Kementan juga telah melakukan kegiatan peningkatan kesadaran dan pemahaman terkait resistensi antimikroba sejak tahun 2016 melalui kegiatan Pekan Kesadaran Antibiotik sedunia, seminar bagi mahasiswa kedokteran hewan di 11 universitas di Indonesia, seminar bagi peternak unggas melalui sarasehan, Expo dan pameran (Indolivestock, ILDEX dan Sulivec) dengan melibatkan sektor kesehatan masyarakat dan kesehatan lingkungan.
"Kegiatan peningkatan kesadaran dan pemahaman terkait AMR juga telah dilakukan untuk para stake holder secara bertahap dari tahun 2017 hingga sekarang," kata Ria.
Adapun seminar Peningkatan Kesadaran tentang Pencegahan dan Pengendalian Resistensi Antimikroba untuk Dokter Hewan Technical Service ini diselenggarakan Kementan bersama Perhimpunan Dokter Hewan Indonesia, Asosiasi Obat Hewan Indonesia, serta Badan Pangan dan Pertanian PBB (FAO).

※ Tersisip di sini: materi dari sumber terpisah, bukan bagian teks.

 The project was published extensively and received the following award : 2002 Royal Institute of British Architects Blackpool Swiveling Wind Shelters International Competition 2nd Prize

Sementara itu, Tri Satya Putri Naipospos dari Pengurus Besar Perhimpunan Dokter Hewan Indonesia (PB PDHI) menyampaikan bahwa pengendalian AMR harus menggunakan pendekatan one health yang bersifat multisektor dan melibatkan semua aktor dari peternakan ke konsumen, dan dari fasilitas kesehatan ke lingkungan.

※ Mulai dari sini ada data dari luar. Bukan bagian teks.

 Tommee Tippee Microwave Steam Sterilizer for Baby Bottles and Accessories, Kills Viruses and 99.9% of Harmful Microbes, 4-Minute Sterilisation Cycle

Kemudian, lanjut dia, penggunaan antimikroba yang bijak dan bertanggung jawab harus dipahami oleh semua orang yang terlibat dalam sektor peternakan, termasuk dokter hewan yang bekerja di berbagai sektor seperti praktisi, perwakilan dari sektor swasta terutama perusahaan obat-obatan hewan dan pabrik pakan, Asosiasi Obat Hewan Indonesia (ASOHI), ataupun dari berbagai organisasi terkait dokter hewan yakni asosiasi profesi untuk dokter hewan (PB-PDHI) serta Asosiasi Fakultas Kedokteran Hewan Indonesia (AFKHI).

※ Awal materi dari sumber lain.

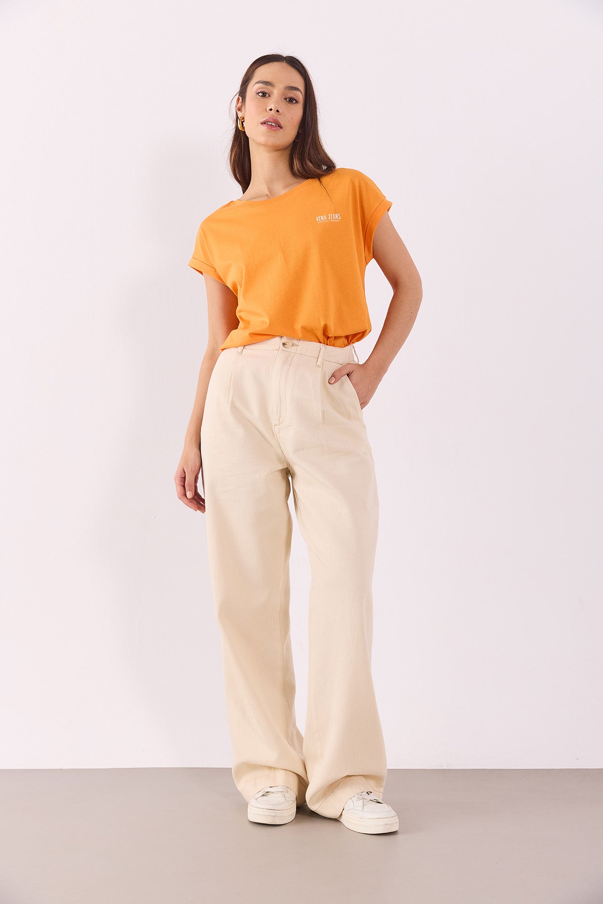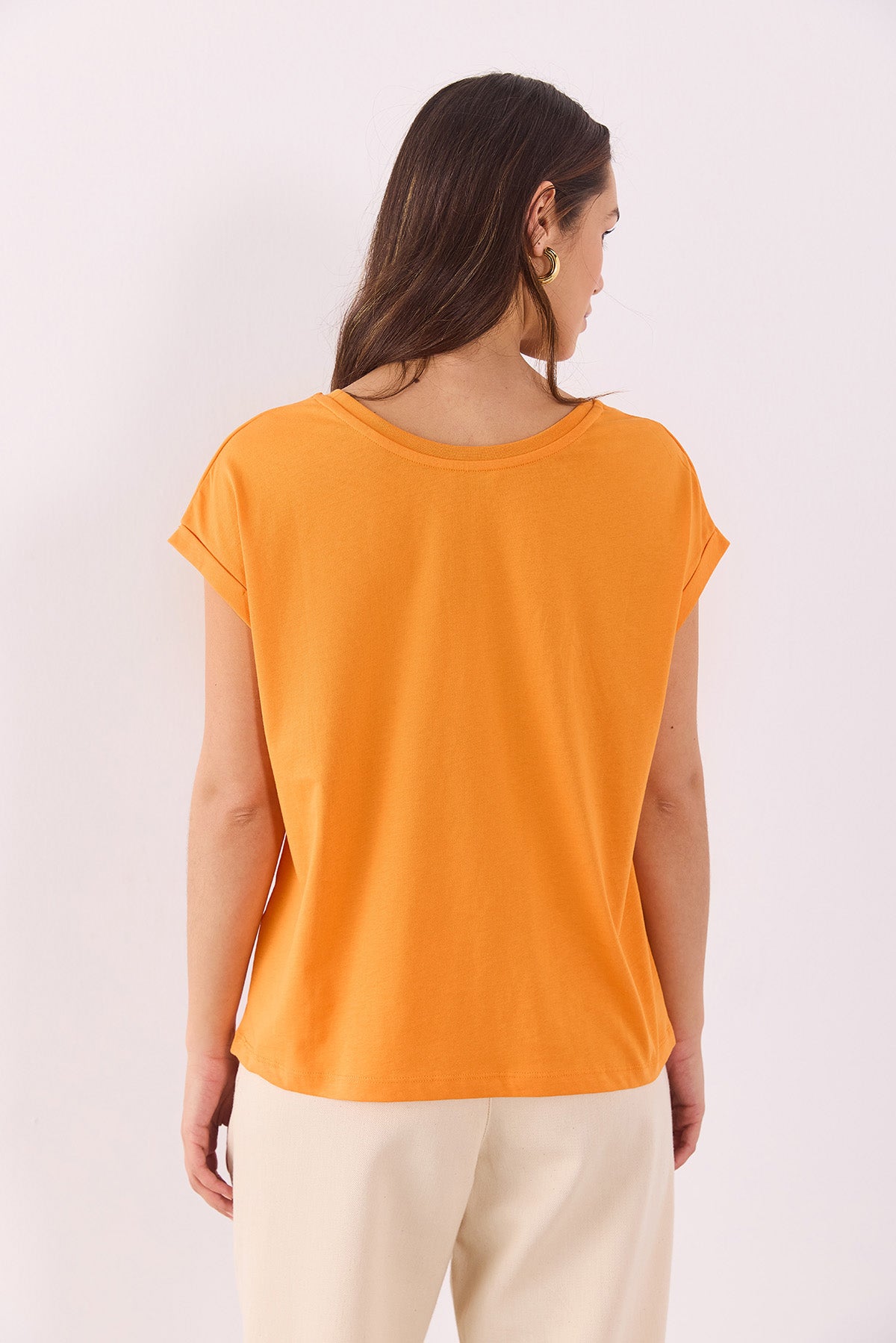 Kadın Cindy Vena Logolu Tişört %100 Pamuk - Turuncu

"Ke depan mereka dapat menjadi agen perubahan dalam penggunaan antimikroba yang bijak dan bertanggung jawab di tingkat peternakan dan masyarakat veteriner untuk mengurangi risiko resistensi antimikroba di sektor peternakan dan kesehatan hewan," ujar Tri Satya.
Sementara itu, Hari Parathon dari Komite Pengendali Resistensi Antimikroba (KPRA), Kemenkes menegaskan pentingnya penggunaan antibiotik yang bijak. Hal ini dapat membantu mencegah dan mengurangi laju AMR sehingga di masa yang akan datang masyarakat masih dapat menggunakan antibiotik.
Pandangan senada juga disampaikan oleh Irawati Fari, Ketua Umum ASOHI dalam paparannya. Ia menekankan peran petugas lapang dalam memastikan pemberian obat yang tepat dan bijak.
"ASOHI selalu mendukung Pemerintah dalam implementasi berbagai peraturan, seperti peraturan terkait pelarangan penggunaan antibiotik untuk imbuhan pakan, juga petunjuk teknis untuk medicated feed," ungkap Irawati.
Mengakhiri pertemuan, Ria berharap bahwa tujuan pertemuan yakni meningkatkan kesadaran dokter hewan Technical Service/TS tentang penggunaan antimikroba yang bijak dan bertanggung jawab.
Kemudian, mempromosikan kesadaran, kepedulian, dan tanggung jawab profesi dokter hewan tentang penggunaan antimikroba yang bijak dan bertanggung jawab di sektor peternakan dan kesehatan hewan serta mendorong dokter hewan untuk menjadi agen perubahan pada penggunaan antimikroba yang bijak dan bertanggung jawab di tingkat peternakan dapat tercapai.